GWPF Newsletter: Carbon Tax Defeated As Conservatives Win Alberta Elections








Allegations Netflix Film Crew Lied About What Caused Mass Walrus Deaths

In this newsletter:

1) Carbon Tax Defeated As Conservatives Win Alberta Elections
Bloomberg, 17 April 2019
 
2) Terence Corcoran: Carbon Tax Trial Full Of Alarmist Political Diversions No Court Should Fall For
Financial Post, 17 April 2019


 
3) Allegations Netflix Film Crew Lied About What Caused Mass Walrus Deaths
News.com Australia, 17 April 2019
 
4) Zoologist Sets the Record Straight After Netflix Tells Kids Climate Change Is Killing Walruses
The Western Journal, 16 April 2019


Full details:

1) Carbon Tax Defeated As Conservatives Win Alberta Elections
Bloomberg, 17 April 2019

 
Build pipelines, scrap carbon tax and battle protesters: That’s what Kenney vows to do for Alberta’s oilpatch

Alberta returned to its conservative roots, electing United Conservative Party Leader Jason Kenney premier after he vowed to fight harder for the province’s beleaguered energy industry.



Kenney defeated center-left incumbent Rachel Notley, 55, whose New Democratic Party snapped four decades of conservative rule in 2015.

Kenney’s election may herald big changes for Alberta’s energy industry, which produces more oil than most OPEC members and has the world’s third-largest petroleum resources. He’s vowed to get stalled pipelines built, scrap the province’s carbon tax, and create a “war room” to hit back at anti-oil-sands campaigners. He also pledged to cut corporate taxes and balance the province’s books in his first term.

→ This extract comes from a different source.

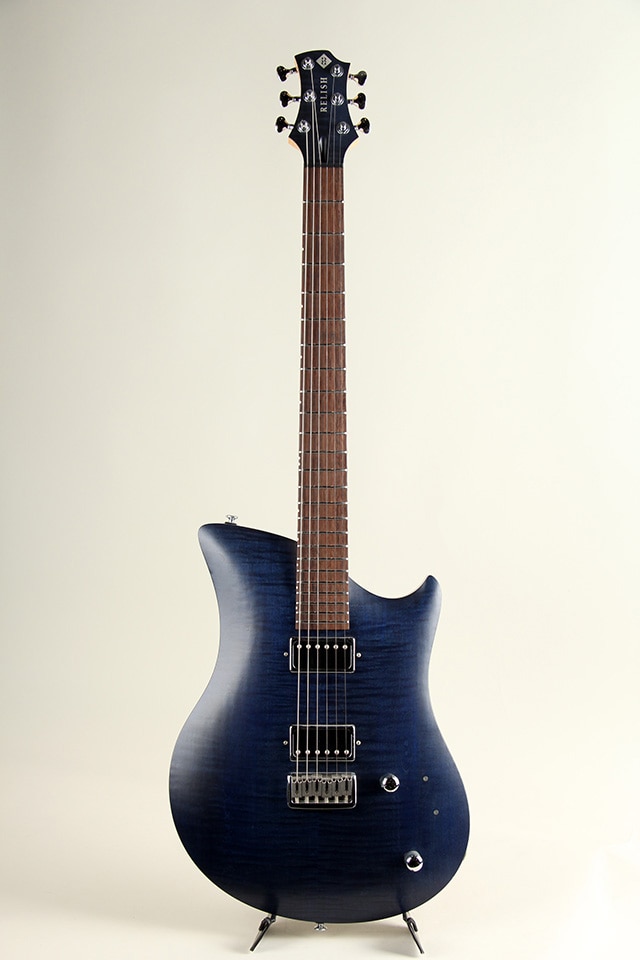 1ピースの削り出しアルミフレームに7層のプライウッドを前後に接着したオリジナルシェイプ。耐久性に優れたステンレスフレットを搭載し、RFコネクタによるソルダーレスで容易に交換可能なピックアップ仕様もレリッシュの特徴です。

Kenney, 50, a former Cabinet member under Prime Minister Stephen Harper, tapped into voter frustration over the failure to get pipelines completed, which has battered oilsands prices and sparked an exodus of capital by energy firms like Kinder Morgan Inc. Alberta, traditionally one of the richest provinces in Canada, now has among the highest jobless rates and one of the weakest economies in the country.

“Albertans have elected a government that will be obsessed with getting this province back to work, a team that will do everything in our power every single day to create tens of thousands of good jobs,” Kenney said at a victory rally in Calgary.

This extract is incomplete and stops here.